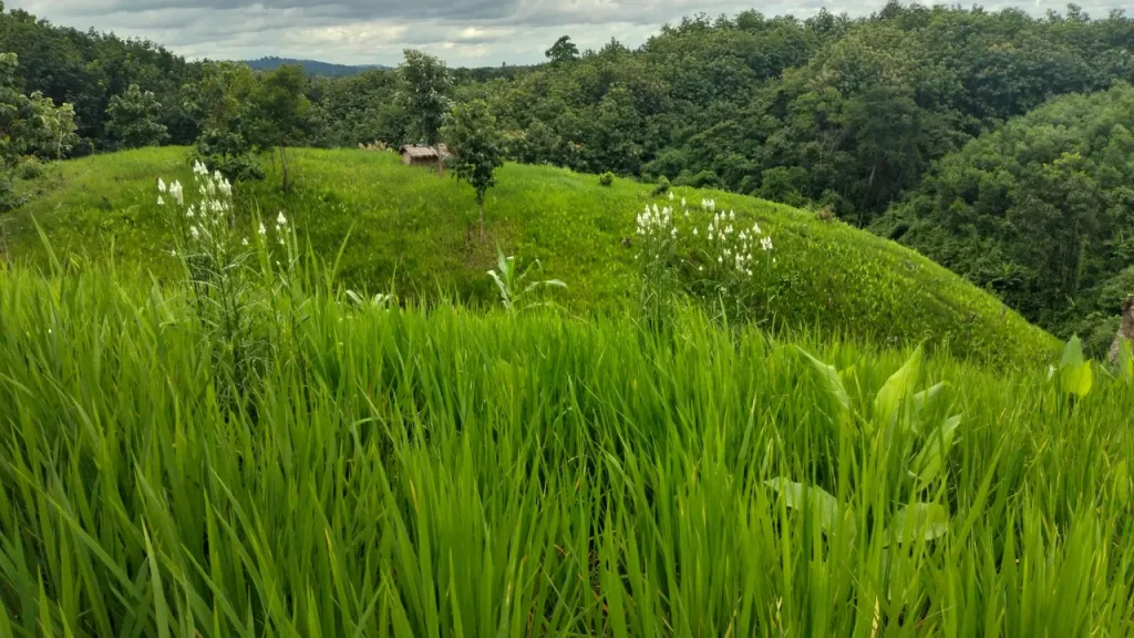 টিলার চূড়ায় উঠেই হাতের বাঁপাশে মাটিরাঙ্গা ধলীয়া মৌজা নামক স্থানে দেখা মিলবে ধান, ভুট্টা, কুমড়া বিভিন্ন প্রজাতির সবজিসহ দৃষ্টিনন্দন একটি জুম ক্ষেত। ক্ষেতের মাঝামাঝি জায়গায় ছন ও বাঁশ দিয়ে তৈরি দুটি ঝুপড়ি ঘর দাঁড়িয়ে আছে সাদামাটাভাবে। তবে এ সরল নির্মাণশৈলী যেন ক্লান্ত পথিক বা জুমিয়াদের জন্য স্বস্তির আশ্রয় যে কেউ সেখানে কয়েক মিনিট বসলে শরীরের ক্লান্তি দূর হয়ে যাবে নিশ্চিতভাবেই।
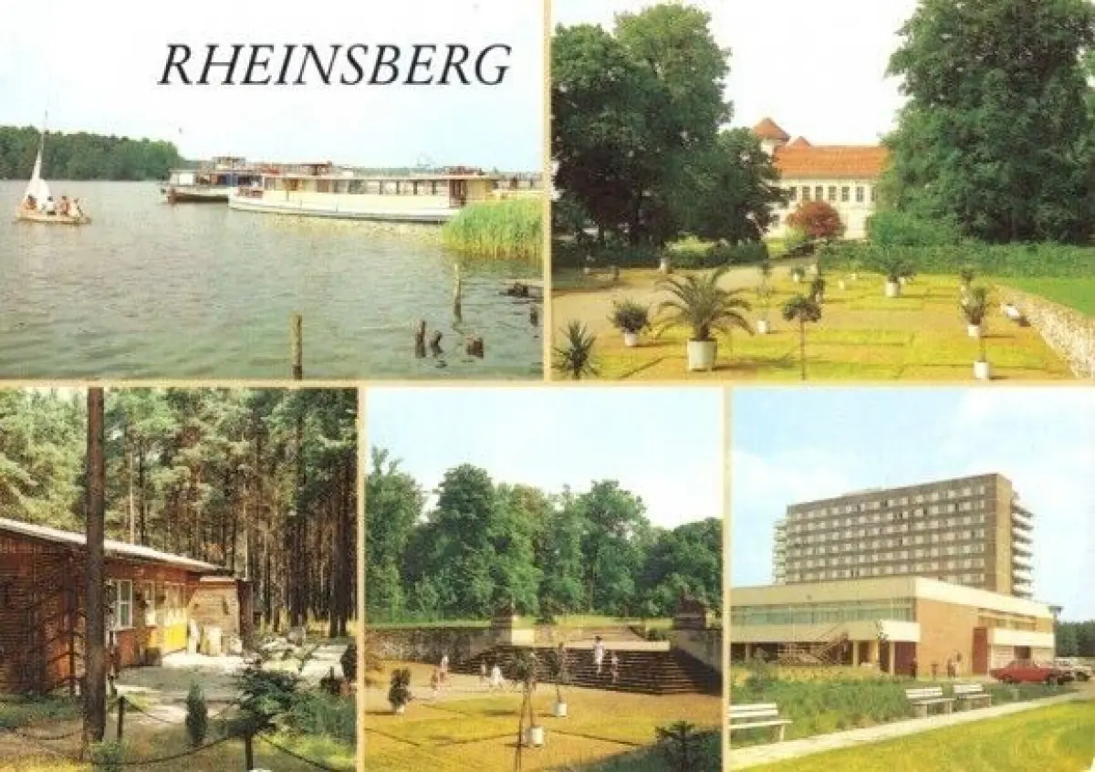 Ansichtskarte Rheinsberg Kr. Neuruppin 5 Abb., Schiffsanlegestelle, Schloßpark, usflugsgaststätte "Waldcafé", Schloßpark, FDGB-Erholungsheim "Ernst Thälmann" Erhaltung II, Ecke oben links leicht bügig postalisch gelaufen, gestempelt: Rheinsberg 1, 24.04.90 Druckvermerk: ohne, um 1990 Herstellungsland: DDR Verlag: Bild und Heimat Reichenbach - 01 04 0672/11
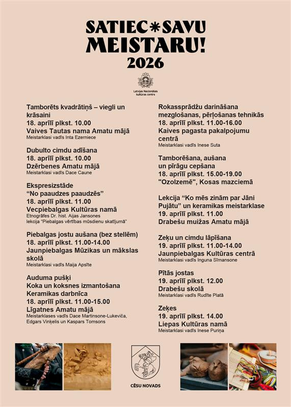 Jau 18. reizi visā Latvijā norisināsies nemateriālā kultūras mantojuma saglabāšanas pasākums “Satiec savu meistaru!”. Tradicionālo amatu prasmju meistari Cēsu novadā gaidīs interesentus 18. un 19. aprīlī.
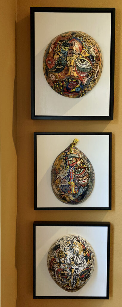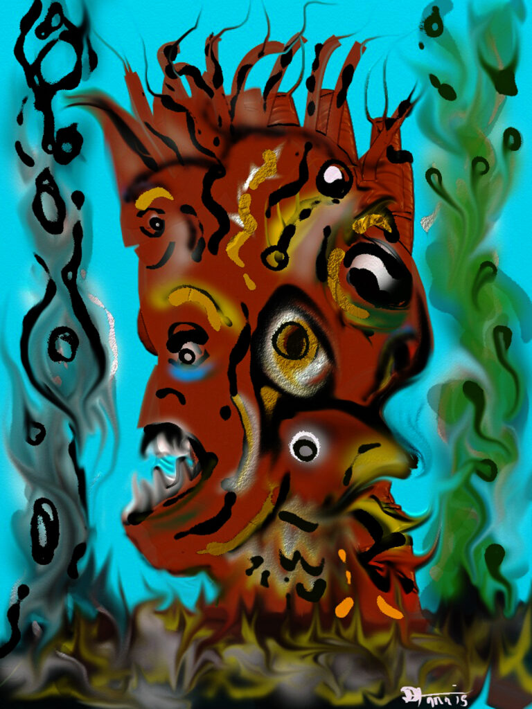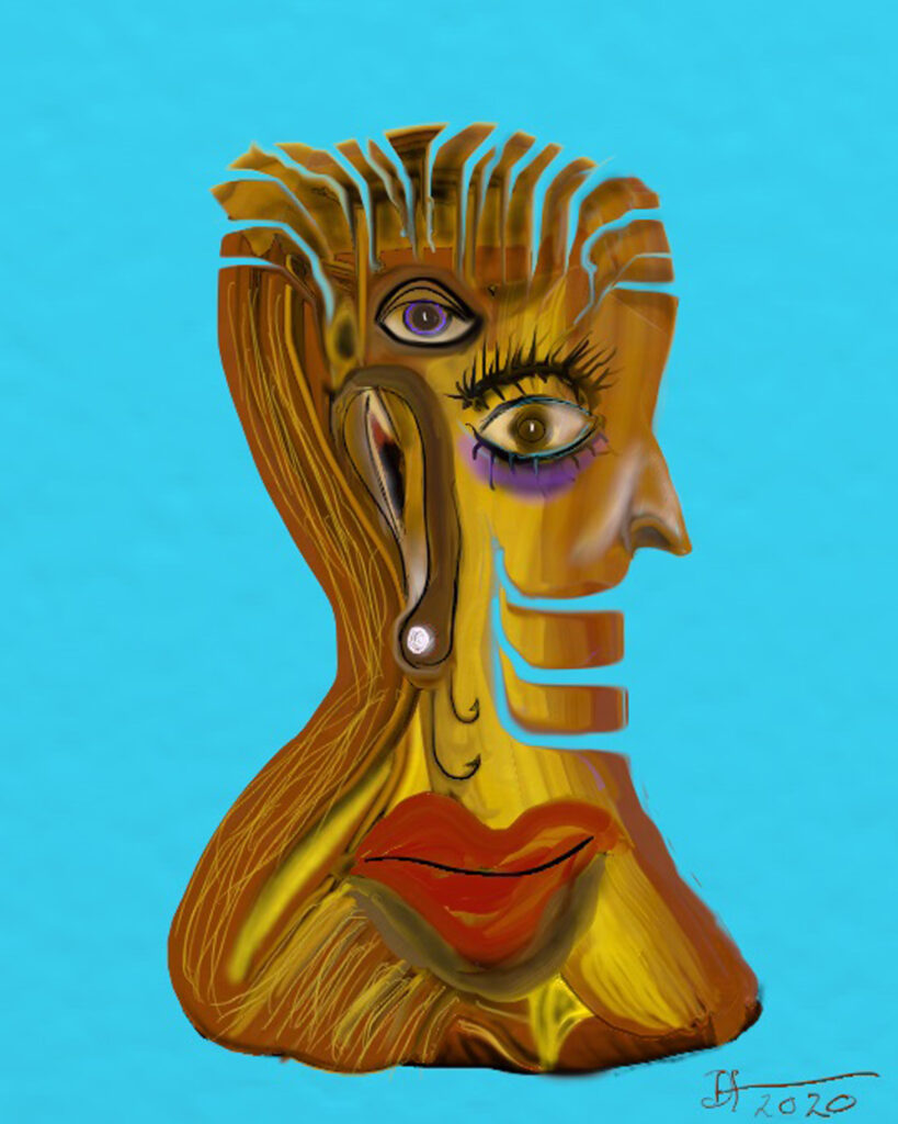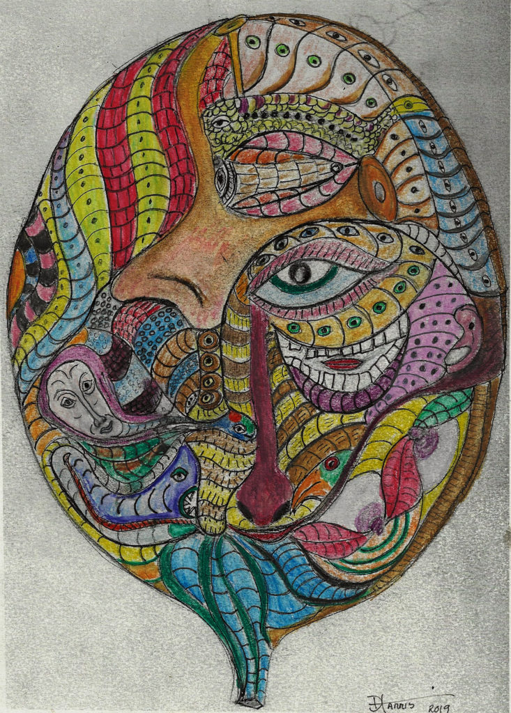 Most of the head paintings were made on iPhone or iPad using various painting apps. The impetus to use digital mobile devices to make art came from Mr. Harris’s longtime friend and colleague, Patricio Villarroel-Bórquez, a legendary musician and artist based in Paris.

________________

→ **EXERCISE DIRECTIONS**:
Print all the material above exactly, and drop the images.

→ **ANSWER TO THIS PROBLEM**:
 টিলার চূড়ায় উঠেই হাতের বাঁপাশে মাটিরাঙ্গা ধলীয়া মৌজা নামক স্থানে দেখা মিলবে ধান, ভুট্টা, কুমড়া বিভিন্ন প্রজাতির সবজিসহ দৃষ্টিনন্দন একটি জুম ক্ষেত। ক্ষেতের মাঝামাঝি জায়গায় ছন ও বাঁশ দিয়ে তৈরি দুটি ঝুপড়ি ঘর দাঁড়িয়ে আছে সাদামাটাভাবে। তবে এ সরল নির্মাণশৈলী যেন ক্লান্ত পথিক বা জুমিয়াদের জন্য স্বস্তির আশ্রয় যে কেউ সেখানে কয়েক মিনিট বসলে শরীরের ক্লান্তি দূর হয়ে যাবে নিশ্চিতভাবেই।
 Ansichtskarte Rheinsberg Kr. Neuruppin 5 Abb., Schiffsanlegestelle, Schloßpark, usflugsgaststätte "Waldcafé", Schloßpark, FDGB-Erholungsheim "Ernst Thälmann" Erhaltung II, Ecke oben links leicht bügig postalisch gelaufen, gestempelt: Rheinsberg 1, 24.04.90 Druckvermerk: ohne, um 1990 Herstellungsland: DDR Verlag: Bild und Heimat Reichenbach - 01 04 0672/11
 Jau 18. reizi visā Latvijā norisināsies nemateriālā kultūras mantojuma saglabāšanas pasākums “Satiec savu meistaru!”. Tradicionālo amatu prasmju meistari Cēsu novadā gaidīs interesentus 18. un 19. aprīlī.
 Most of the head paintings were made on iPhone or iPad using various painting apps. The impetus to use digital mobile devices to make art came from Mr. Harris’s longtime friend and colleague, Patricio Villarroel-Bórquez, a legendary musician and artist based in Paris.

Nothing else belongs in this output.